За моей спиной послышались торопливые шаги. Догнав, каблучки молча пристроились у левого плеча, сандалии — у правого.
"Ладно", — подумал я, принимая неизбежное, — "пора разрубать, потом только хуже будет".
Я остановился. На меня тут же уставились две пары встревоженных глаз.
— Ничего страшного, — я старательно излучал уверенность, — у папы аппендицит, но все будет хорошо. Уже оперируют.
"В конце концов", — попытался успокоить я сам себя, — "в прошлый раз это случилось в предстоящем июле… Сняли с поезда в Джанкое и, в итоге, все закончилось вполне благополучно. С чего бы сейчас пошло иначе?"
Нутро мое, противореча разуму, тревожно сжималось: оно знало, что будущее зыбко и ненадежно, а человеки отвратительно хрупки.

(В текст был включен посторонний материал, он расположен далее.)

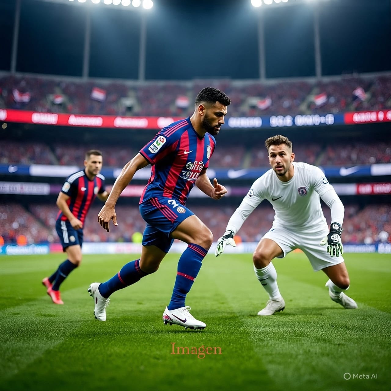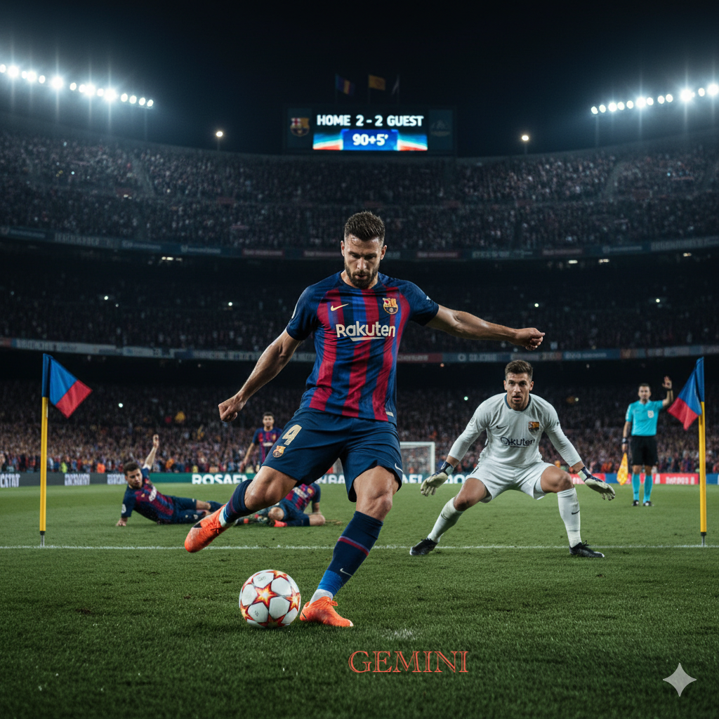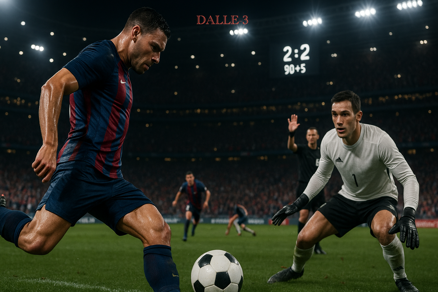 “Ultra-photorealistic freeze-frame of a night-time football stadium, 90 000 capacity, tiered stands blazing with floodlights, crowd a sea of waving scarves and raised arms, scoreboard reading 2-2 and 90+5’. Centre foreground: striker in sharp-focus, blue-and-garnet vertically striped jersey soaked with sweat, powerful thigh muscles tensed, right foot drawn back to strike a stationary ball, studs glinting. His face locked in concentration, veins visible on clenched jaw. Opposite: goalkeeper in pristine white long-sleeved jersey, crouched slightly, gloved hands open, eyes wide with tension, beads of sweat on forehead catching light. Behind them: blurred defenders sliding in desperation, corner flags whipping, advertising boards glowing. Referee in background mid-gesture, five fingers raised holding electronic timer. Depth-of-field f/2.8, cinematic 35 mm lens, high shutter speed frozen motion, dramatic chiaroscuro floodlighting, crisp 8K detail, authentic Nike/Adidas kit textures, dewy grass blades visible, bokeh crowd lights, atmosphere thick with tension”

— Так… — на миг я ощутил себя на краю десятиметровой вышки, потом решился, — знакомьтесь, девушки. Малыш — это Тома, моя девушка. Ну, ты знаешь… Тома, эта мелочь — моя сестра.
Мелкая посмотрела на меня с признательностью, а затем застенчиво улыбнулась Томе. Та же, поняв меня буквально, была потрясена. Не усомнившись в моих словах ни на секунду, она пыталась теперь свести в уме концы с концами — мучительно и безуспешно.
— Двоюродная? — поинтересовалась, наконец, слабым неуверенным голосом.
Улыбка, что гуляла по лицу Мелкой, приобрела шкодливый оттенок.
— Названная, — пояснил я Томе и повернулся к Мелкой, — шуруй домой, мама скоро из клиники будет звонить, запоминай, что скажет. Обедай без меня. И ужинайте тоже… Планы поменялись, я только часам к восьми буду, — и, вздохнув, ответил на немой вопрос: — Магазины переносятся на завтра.
Мелкая кивнула Томе на прощанье и удалилась с гордо задранной головой.
Я повернулся к своей девушке. Вид у нее был все такой же обалделый, но в зелени глаз уже начали роиться пункты из допросного списка.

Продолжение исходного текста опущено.